Copy, word for word, the lines below from the one containing "With a soft, creamy" up to and including the one containing "FitMonks is the", with pictures left out.

Extracted information:

*** Block opens ***

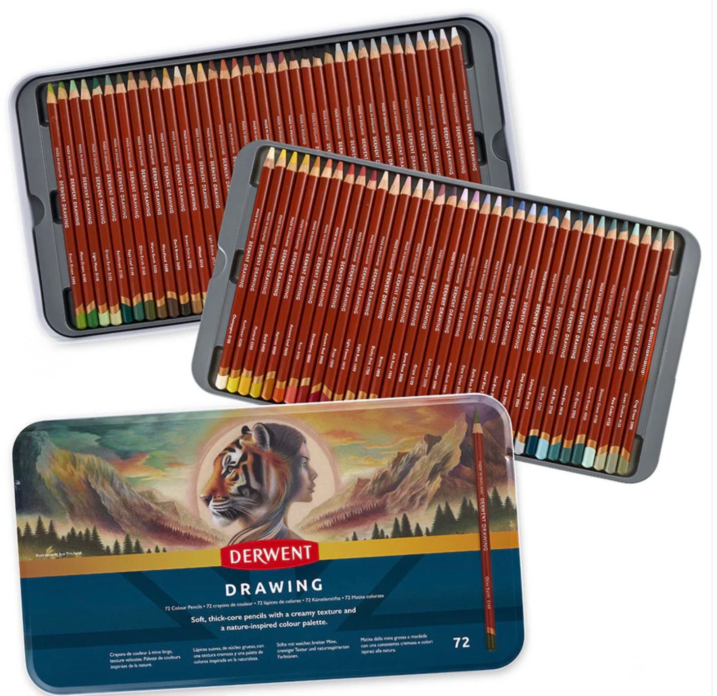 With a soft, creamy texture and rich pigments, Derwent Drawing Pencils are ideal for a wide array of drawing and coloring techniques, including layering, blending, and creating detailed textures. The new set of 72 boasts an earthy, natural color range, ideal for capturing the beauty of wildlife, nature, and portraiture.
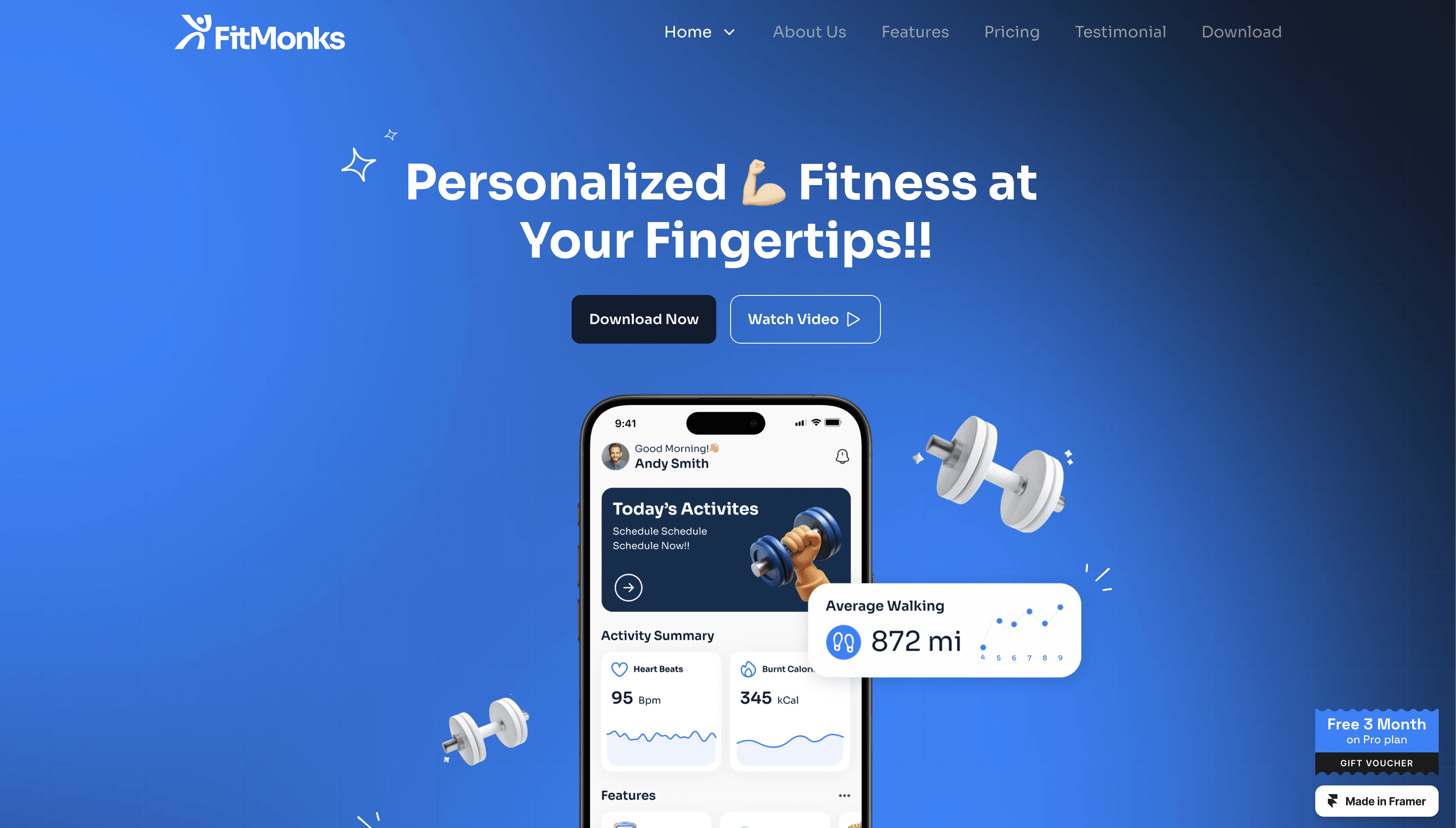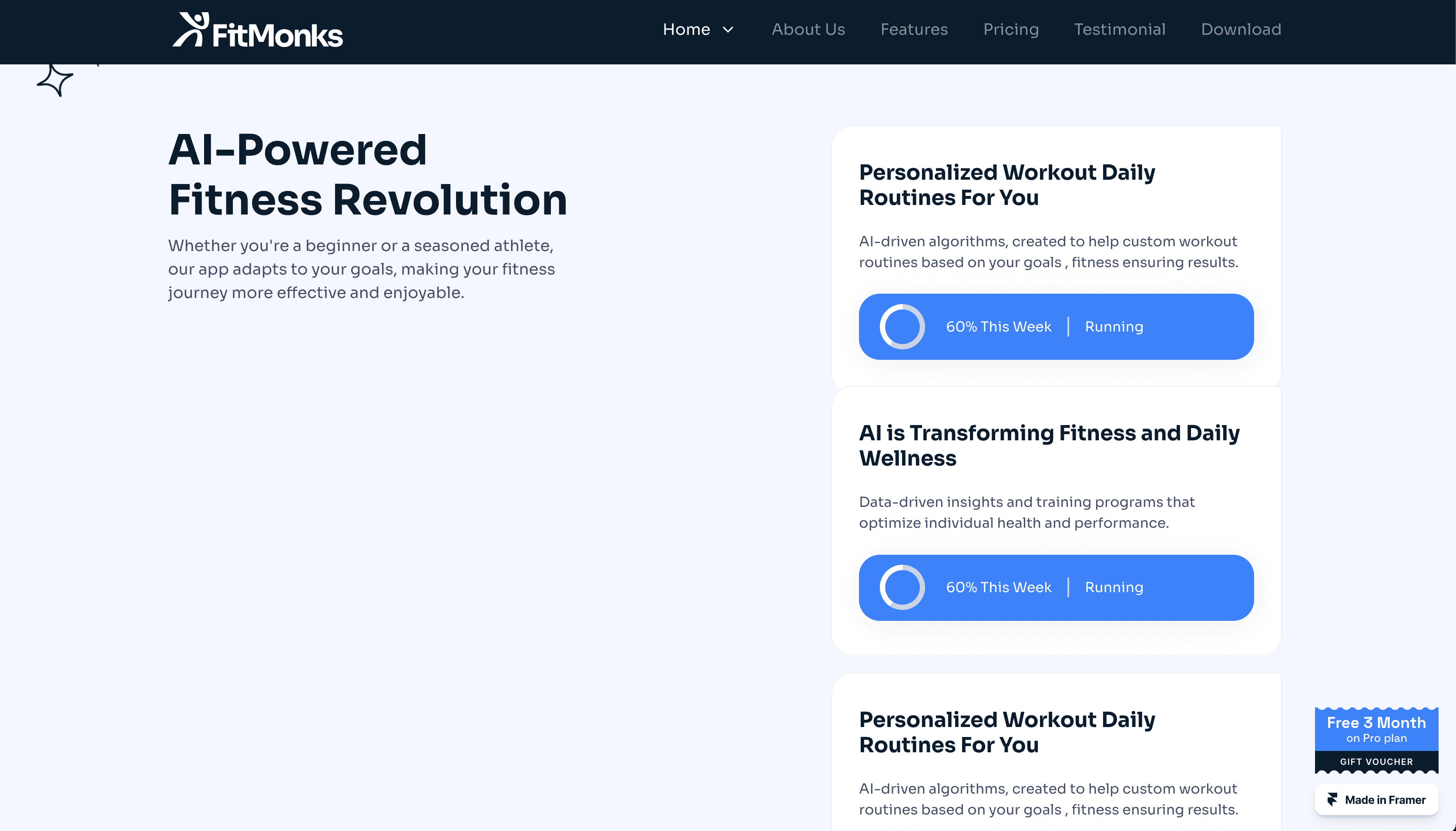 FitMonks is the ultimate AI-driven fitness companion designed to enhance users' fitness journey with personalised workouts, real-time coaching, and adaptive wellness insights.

*** Block closes ***
*** Block opens ***

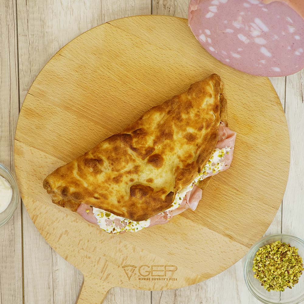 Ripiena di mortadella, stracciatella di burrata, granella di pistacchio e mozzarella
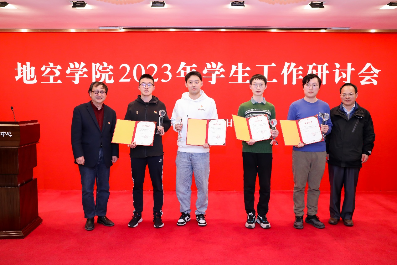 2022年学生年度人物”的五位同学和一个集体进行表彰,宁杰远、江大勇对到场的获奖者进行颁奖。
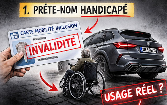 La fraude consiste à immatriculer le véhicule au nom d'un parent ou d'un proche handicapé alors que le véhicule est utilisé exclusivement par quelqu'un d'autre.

*** Block closes ***

Solved exercise:
 With a soft, creamy texture and rich pigments, Derwent Drawing Pencils are ideal for a wide array of drawing and coloring techniques, including layering, blending, and creating detailed textures. The new set of 72 boasts an earthy, natural color range, ideal for capturing the beauty of wildlife, nature, and portraiture.
 FitMonks is the ultimate AI-driven fitness companion designed to enhance users' fitness journey with personalised workouts, real-time coaching, and adaptive wellness insights.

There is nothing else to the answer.